As my main purpose was to present how a graph could look like, I find print(job_id) even better and with more relevant detail. The question is if the graph in the print(job_id) result below is ready to be copy-pasted to the web editor and QGIS:

Job ID:     949b1db4-5fad-4e8b-8ba1-aecb7b716bd2
Title:      job_final_review_demo
Description:    job_final_review_demo
Status:     created
Created:    2020-12-04T13:27:38.161Z
Updated:    2020-12-04T13:27:38.161Z
Progress:   0
Plan:       free
Costs:      
Budget:     ---
User defined process:
Process:    
Summary:    
Description:    
Returns:    

Stored process graph:
{
  "run_udf_ZIAXO9027Y": {
    "process_id": "run_udf",
    "arguments": {
      "data": {
        "from_node": "load_collection_ZHZZM4626F"
      },
      "udf": "# @require x:stars\nlibrary(bfast)\nlibrary(abind)\n# set_fast_options()\n# this works because band is a empty dimension\nx = adrop(x)\n\n# Define the pixel-wise function\nSpatialBFM = function(pixels)\n{\n  lsts = ts(pixels, c(2017, 1), frequency=30.666667)\n  bfastmonitor(lsts, 2019, formula=response~trend)$breakpoint\n}\n# either use adrop() to drop the band dimension... or include here to reduce.\n#StarsResult = st_apply(x, c(\"x\", \"y\", \"band\"), SpatialBFM, PROGRESS=TRUE)\nStarsResult = st_apply(x, c(\"x\", \"y\"), SpatialBFM, PROGRESS=TRUE)\n# deal with NA-a:\nStarsResult[is.na(StarsResult)] = -9999\n#\nStarsResult",
      "context": {},
      "runtime": "R"
    }
  },
  "save_result_VWHJC2286A": {
    "result": true,
    "process_id": "save_result",
    "arguments": {
      "data": {
        "from_node": "run_udf_ZIAXO9027Y"
      },
      "format": "GTiff",
      "options": {}
    }
  },
  "load_collection_ZHZZM4626F": {
    "process_id": "load_collection",
    "arguments": {
      "temporal_extent": [
        "2017-01-01T00:00:00Z",
        "2019-12-29T00:00:00Z"
      ],
      "spatial_extent": {
        "east": -54.81,
        "south": -3.515,
        "north": -3.51,
        "west": -54.815
      },
      "id": "openEO_WUR_Usecase",
      "bands": [
        "VH"
      ]
    }
  }
} 
m-mohr commented 3 years ago

No, print() is also giving the imcomplete process (can't be visualized in the Web Editor for example), so yet another place that should be fixed.

przell commented 3 years ago

@m-mohr, @flahn: I was just talking to MeterGroup and @tim-salabim.
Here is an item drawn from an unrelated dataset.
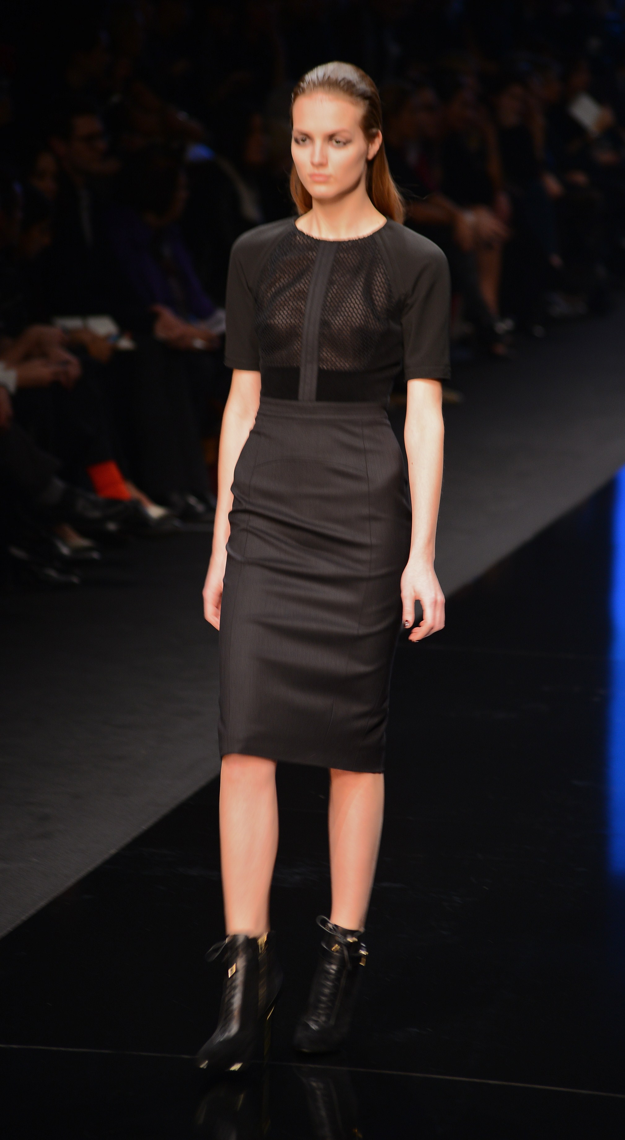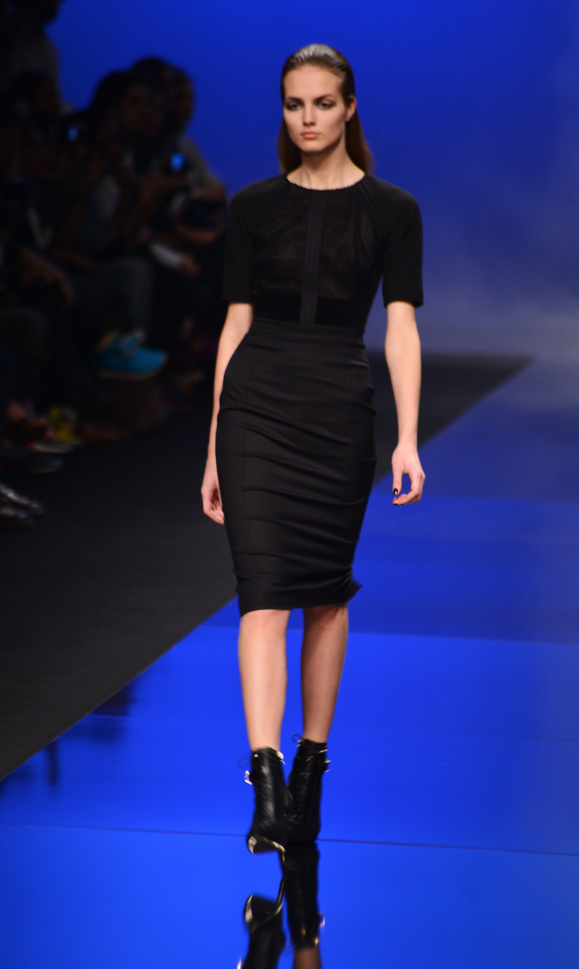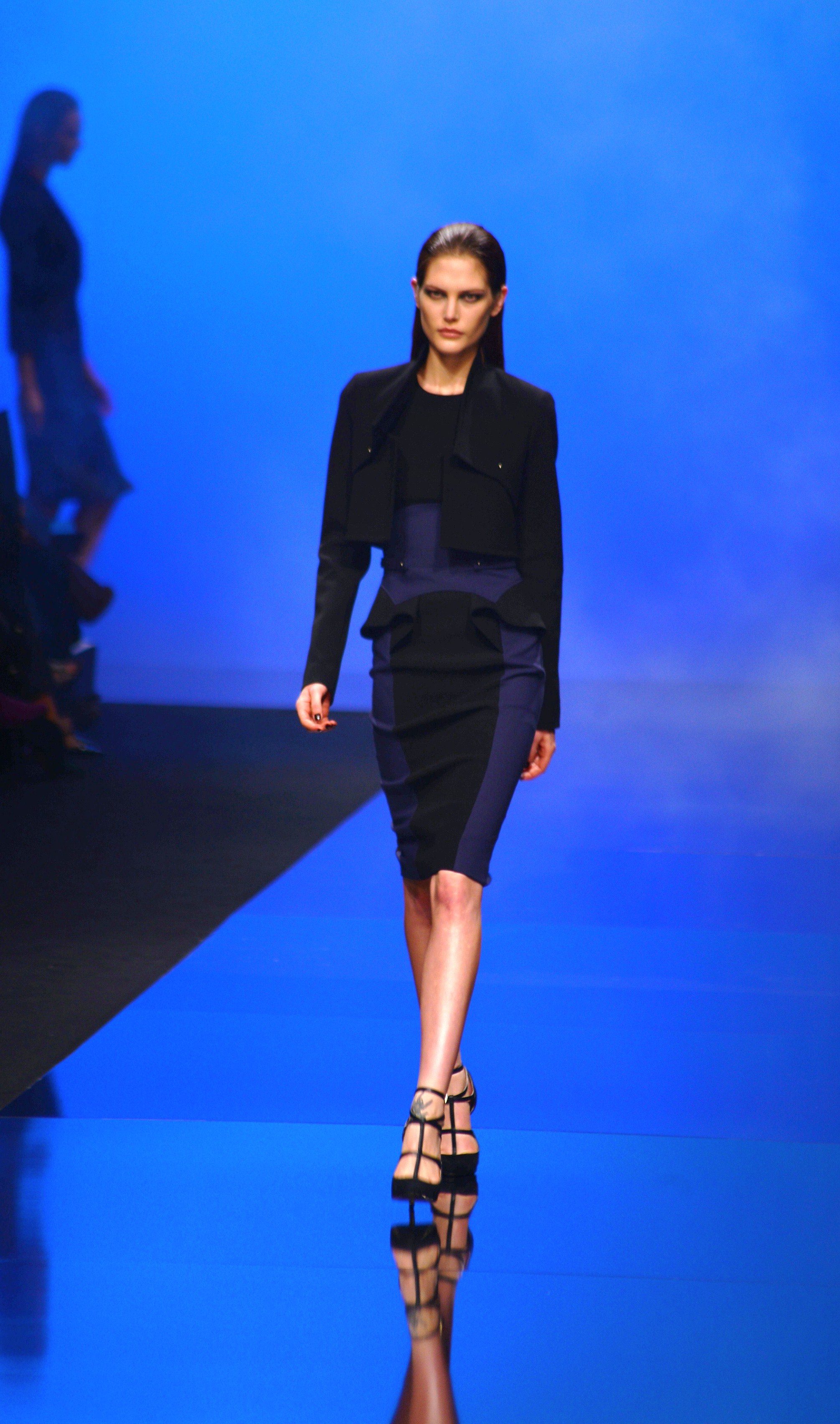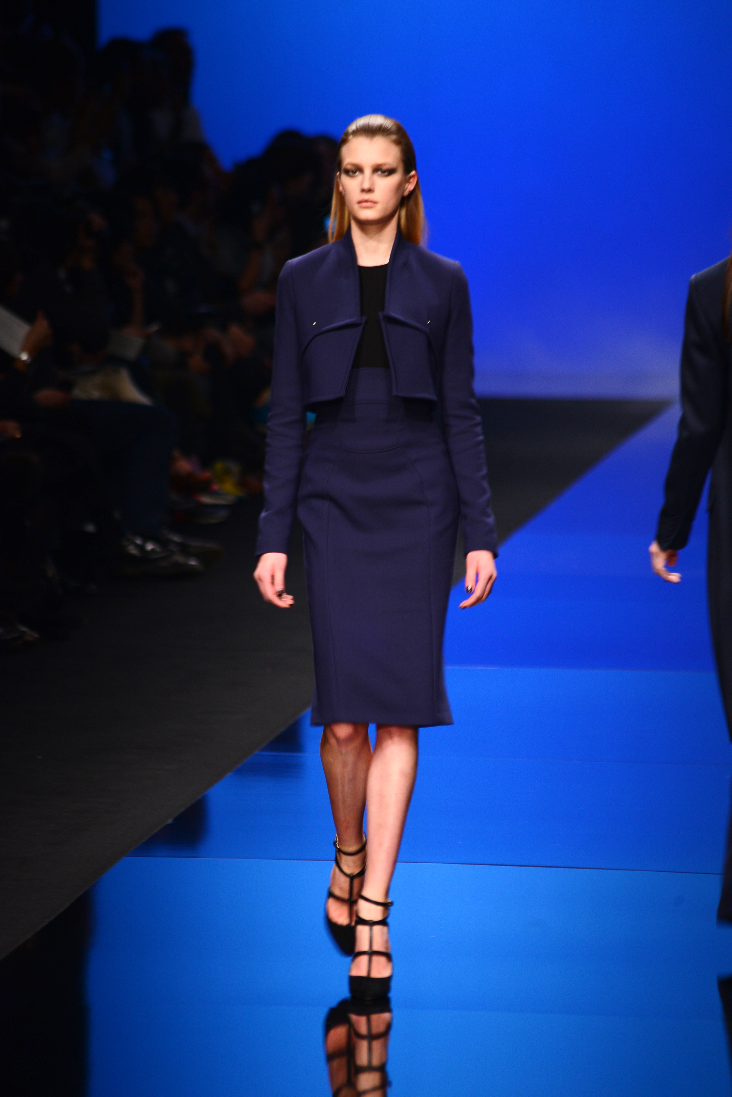 Du noir et du bleu marine ouvrent le défilé sur des looks plus masculins que ce à quoi nous avait habitué notre créateur favori. Les silhouettes sont structurées, sans superflu et le seul aspect décoratif qui pourrait transparaître vient des drapés. Les chemises, transparentes, nous rappellent cependant la véritable nature de la femme Élie Saab : séductrice et fatale.

They ran into the same problem. They used as(xxx, "Graph") and tried to visualize in the webeditor.

m-mohr commented 3 years ago

I'm working towards having the process visualizations standalone as a component that it can be integrated like the Collections component for example, but it's not an easy task as it has quite a lot of dependencies so it will take a bit more time...

flahn commented 3 years ago

I'm coming a bit late to the discussion, sorry. "Graph" and "Process" (user defined or predefined) are different concepts. The graph as such is just the part of the process that tells the back-end what it has to do. Process is more, it contains also meta data about the graph like name, description, etc. To add the meta data to the graph you have to create a process, hence create_user_process. Usually that process is not really of interest for the user, because it should go straight to the back-end. But it seems that there is a bigger use case for that and I see what I can do. The best option would be indeed the webeditor components embedded in the RStudio viewer.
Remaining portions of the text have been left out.